### Task requirements
Go to the line with "Dos Monera de" in the entries below and write out every line from there through the line with "Ajoutez une touche", exactly and without pictures.

### Entries shown
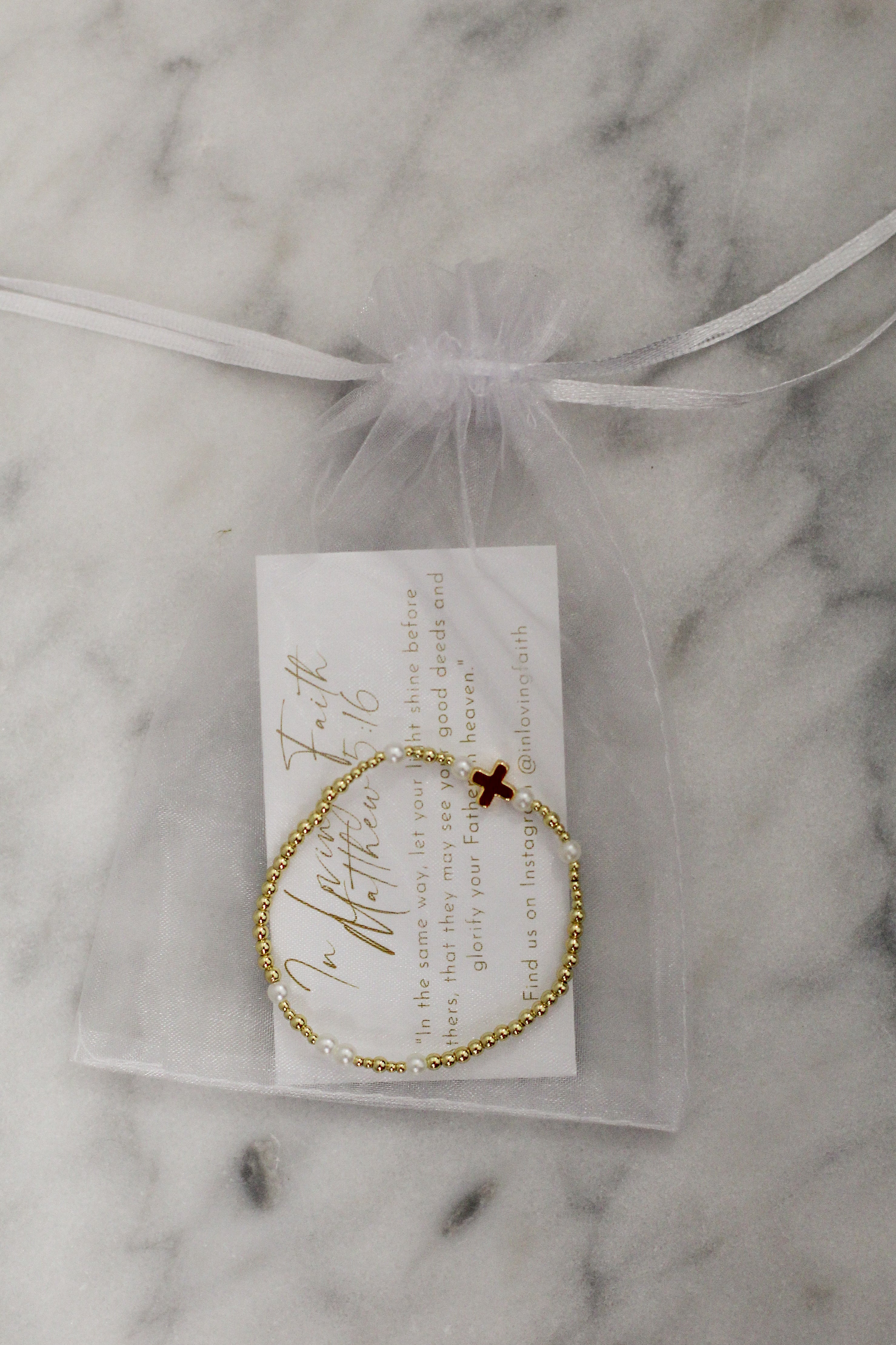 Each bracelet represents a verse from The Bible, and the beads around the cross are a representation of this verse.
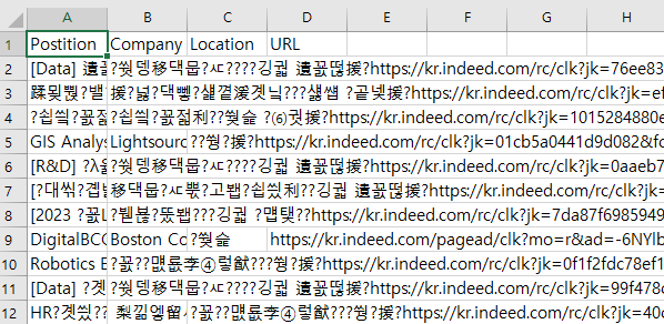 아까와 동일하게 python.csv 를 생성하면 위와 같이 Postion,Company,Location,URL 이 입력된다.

==

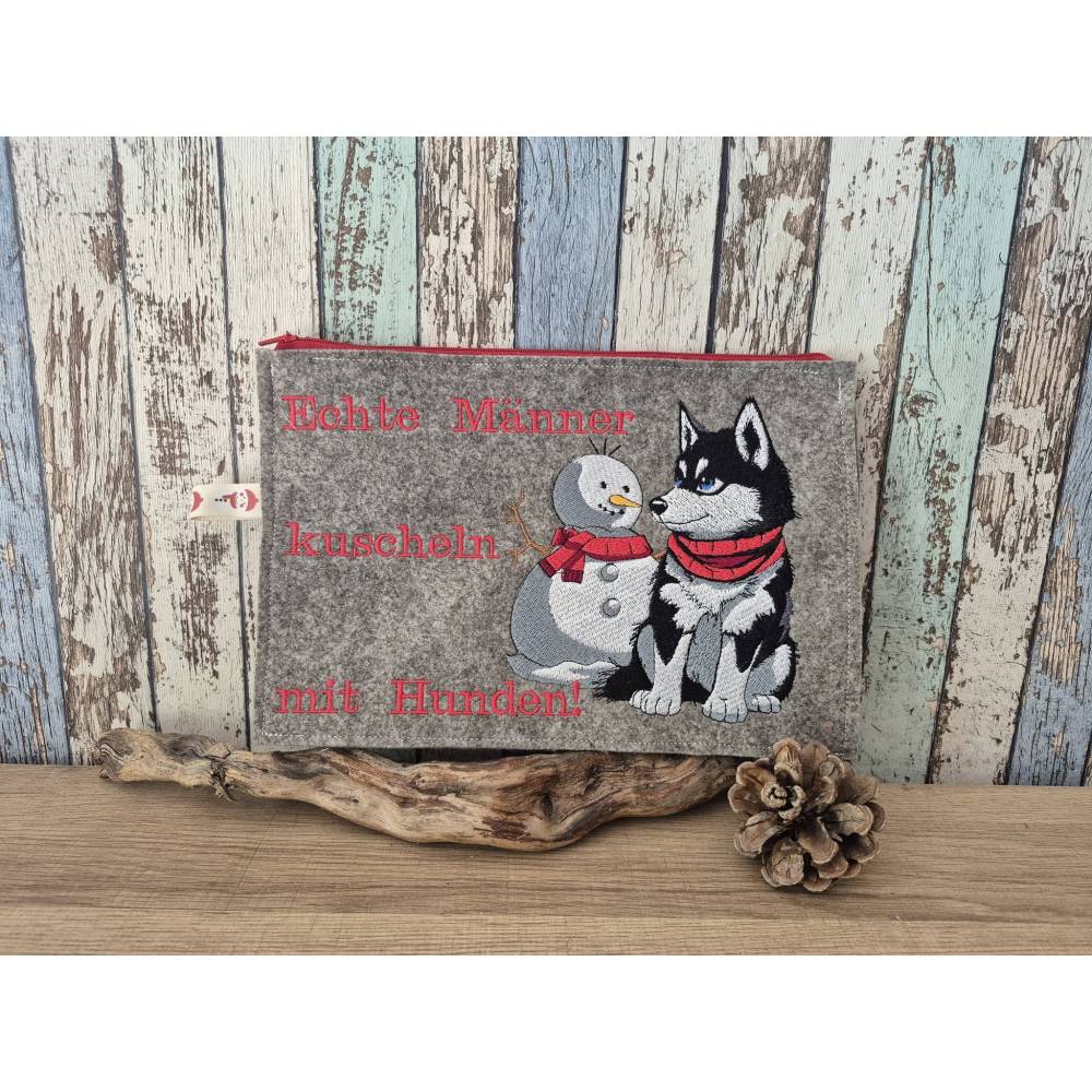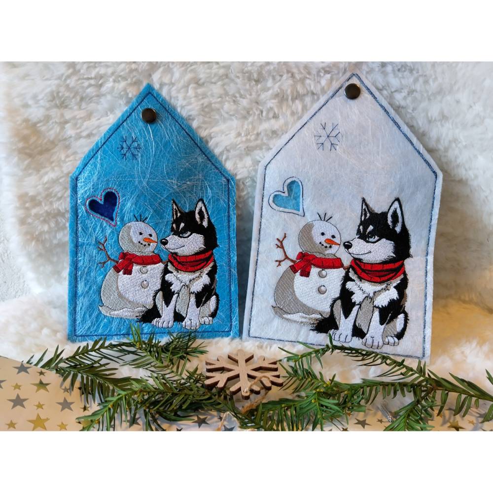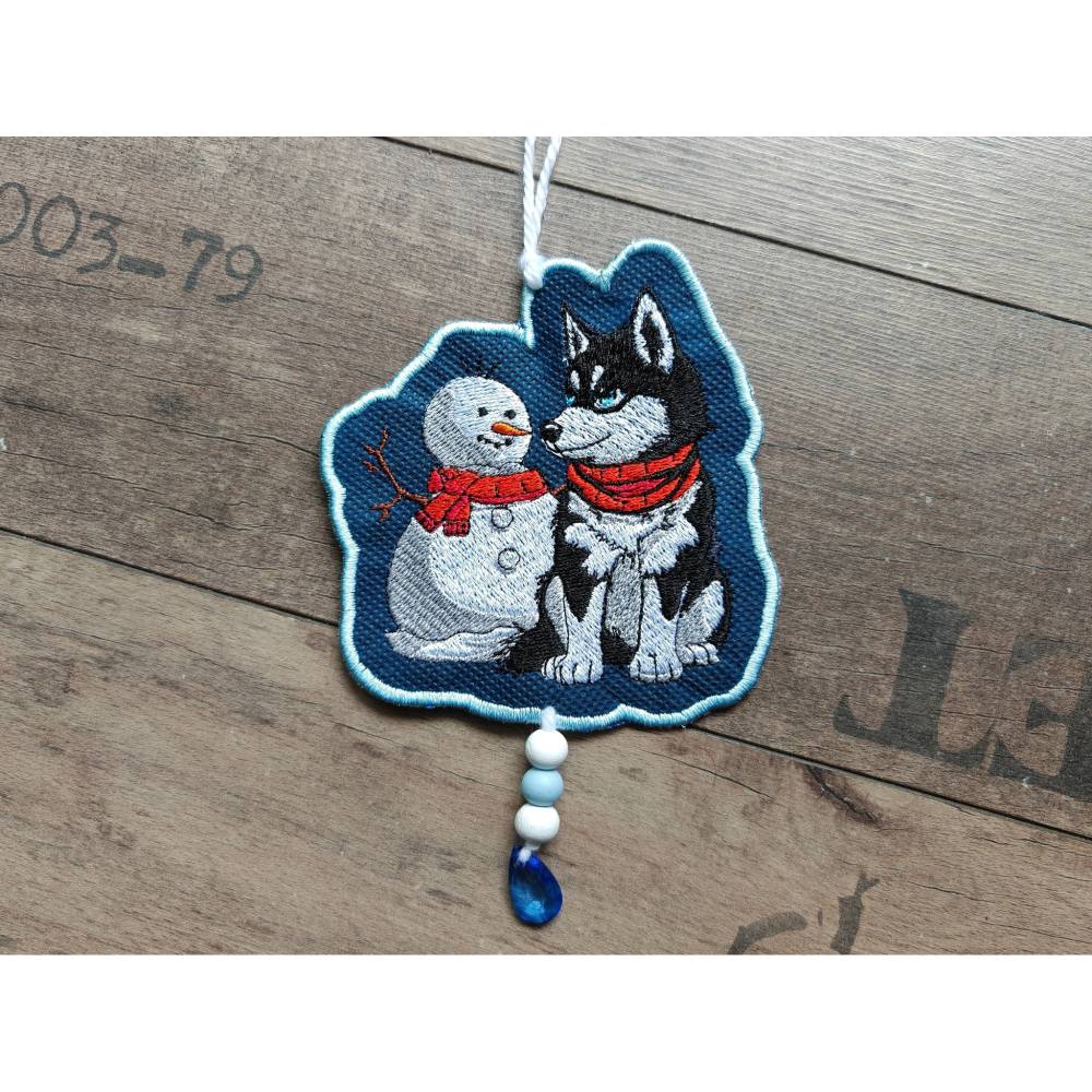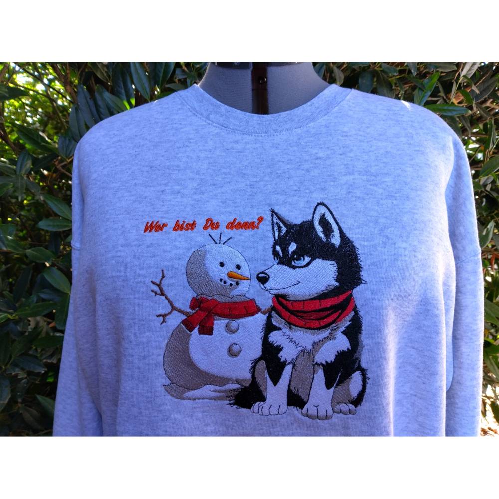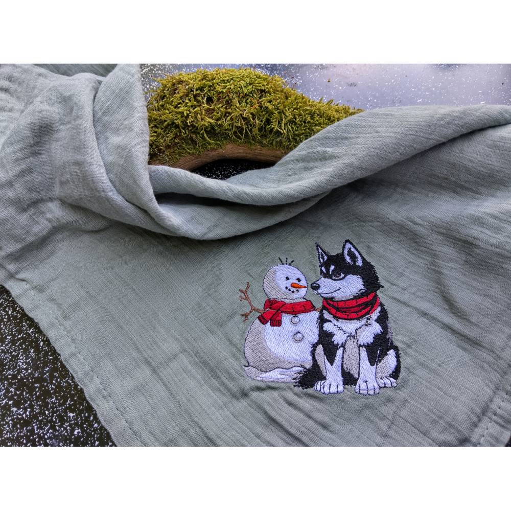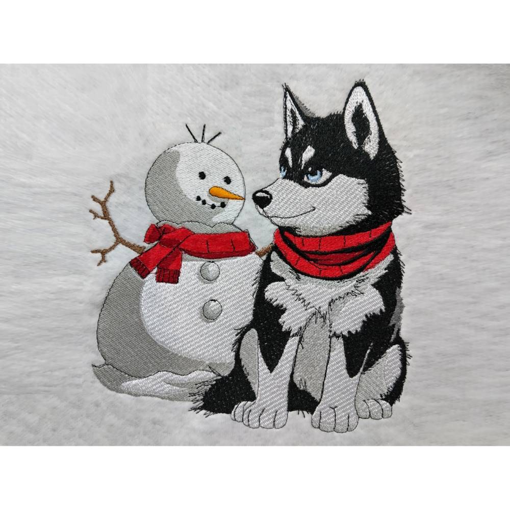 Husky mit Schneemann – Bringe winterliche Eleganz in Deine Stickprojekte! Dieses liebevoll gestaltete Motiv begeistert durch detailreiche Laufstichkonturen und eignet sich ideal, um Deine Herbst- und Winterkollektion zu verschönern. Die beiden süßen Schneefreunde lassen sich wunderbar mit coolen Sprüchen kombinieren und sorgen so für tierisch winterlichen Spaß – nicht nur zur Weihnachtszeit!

---

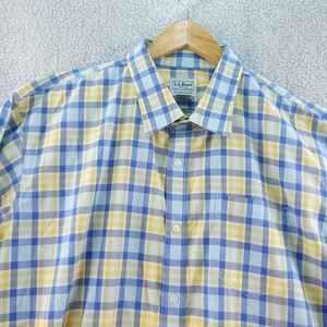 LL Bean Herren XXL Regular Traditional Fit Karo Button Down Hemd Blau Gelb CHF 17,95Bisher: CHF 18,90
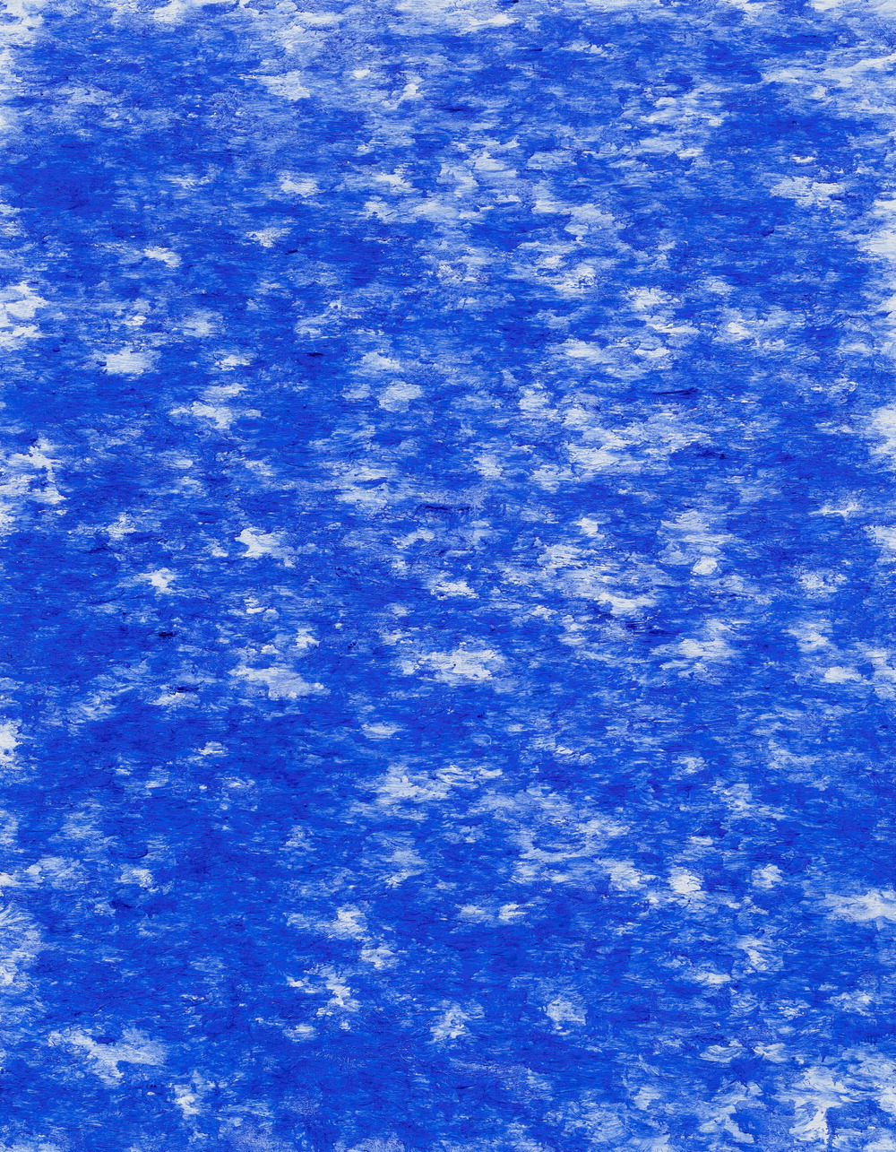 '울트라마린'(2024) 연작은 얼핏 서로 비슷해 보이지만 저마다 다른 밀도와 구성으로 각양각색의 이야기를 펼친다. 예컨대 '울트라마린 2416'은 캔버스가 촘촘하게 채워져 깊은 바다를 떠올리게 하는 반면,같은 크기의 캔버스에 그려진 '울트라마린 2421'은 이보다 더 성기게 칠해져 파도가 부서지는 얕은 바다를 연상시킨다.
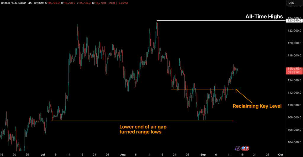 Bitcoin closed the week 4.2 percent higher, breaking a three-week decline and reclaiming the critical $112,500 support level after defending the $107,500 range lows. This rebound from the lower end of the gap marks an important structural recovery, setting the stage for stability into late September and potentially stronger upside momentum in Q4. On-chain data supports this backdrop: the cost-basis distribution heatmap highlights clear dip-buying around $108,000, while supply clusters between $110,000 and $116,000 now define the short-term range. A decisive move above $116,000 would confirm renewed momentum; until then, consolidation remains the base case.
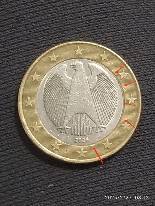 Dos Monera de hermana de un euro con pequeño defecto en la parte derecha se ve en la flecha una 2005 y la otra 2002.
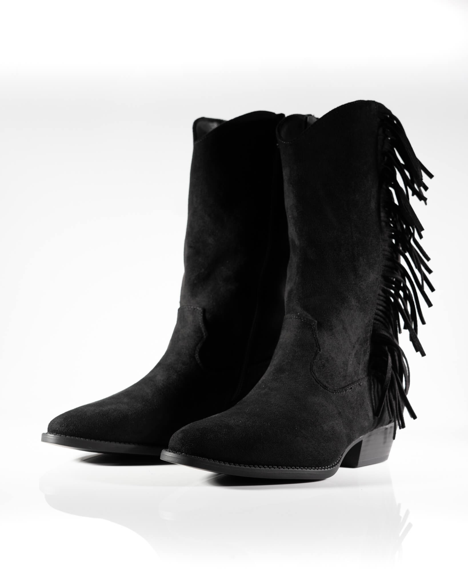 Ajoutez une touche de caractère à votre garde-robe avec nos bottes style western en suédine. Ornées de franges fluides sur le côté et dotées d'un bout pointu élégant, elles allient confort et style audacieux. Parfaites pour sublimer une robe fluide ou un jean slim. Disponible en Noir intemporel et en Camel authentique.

### Task answer
 Dos Monera de hermana de un euro con pequeño defecto en la parte derecha se ve en la flecha una 2005 y la otra 2002.
 Ajoutez une touche de caractère à votre garde-robe avec nos bottes style western en suédine. Ornées de franges fluides sur le côté et dotées d'un bout pointu élégant, elles allient confort et style audacieux. Parfaites pour sublimer une robe fluide ou un jean slim. Disponible en Noir intemporel et en Camel authentique.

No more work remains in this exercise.